Ungifted is about how we conceive of mental ability in general. Some people manage to accomplish much more with their mind than others do. There’s no escaping that basic observation, nor the fact that it has immense significance for political and educational thinking. What is the difference that makes a difference? The answers we get depend on the kinds of questions we ask.

Ungifted is in part the story of how the important questions have changed over time and why. There seem to be two tragic errors that we’ve fallen into historically. For one, we’ve often ignored the differences between us and tried to force everyone into cookie-cutter educational molds that well serve only a minority of the people they are intended to serve. Most of us appreciate this personal plight, as does the author in his "subjective" voice and personal experience throughout the book.
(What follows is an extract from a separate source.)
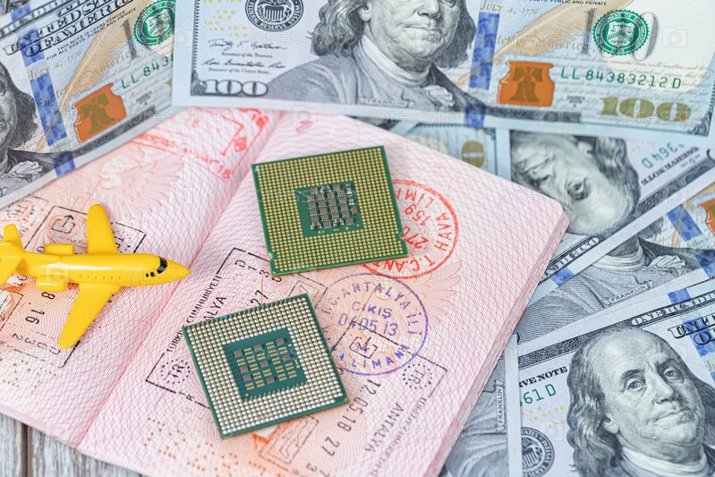 Паспорта, старые компьютерные чипы и игрушечный самолетик лежат на разбросанных долларовых купюрах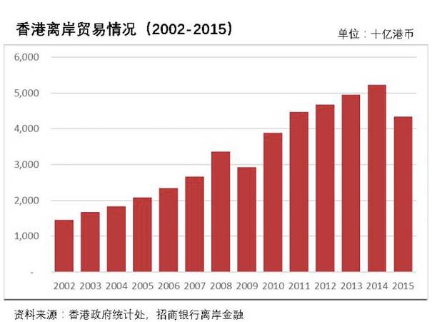 拿香港来说,2015年,香港的离岸贸易规模已经达到了4.33万亿港币,占其年度贸易总量的55%。

The other tragic error is ironically the reverse. In trying to appreciate the differences between people we’ve taken the opposite extreme of becoming obsessed with stable, predictive individual differences. We test ourselves and compare ourselves with each other and we look for the numbers that tell us who deserves what because we assume we are identifying potential. The author appreciates the motives and sometimes successes of this approach when done well, but the focus of Ungifted is on how we can do better.

It is the tragedy of our obsession with individual differences that Ungifted in the author's "objective" voice most eloquently addresses. We assume that testing people against each other will tell us how to best teach each person by identifying what makes people different. Ungifted describes in great detail and punctuated by the author’s own personal life story why that well-intended approach has failed us time and time again.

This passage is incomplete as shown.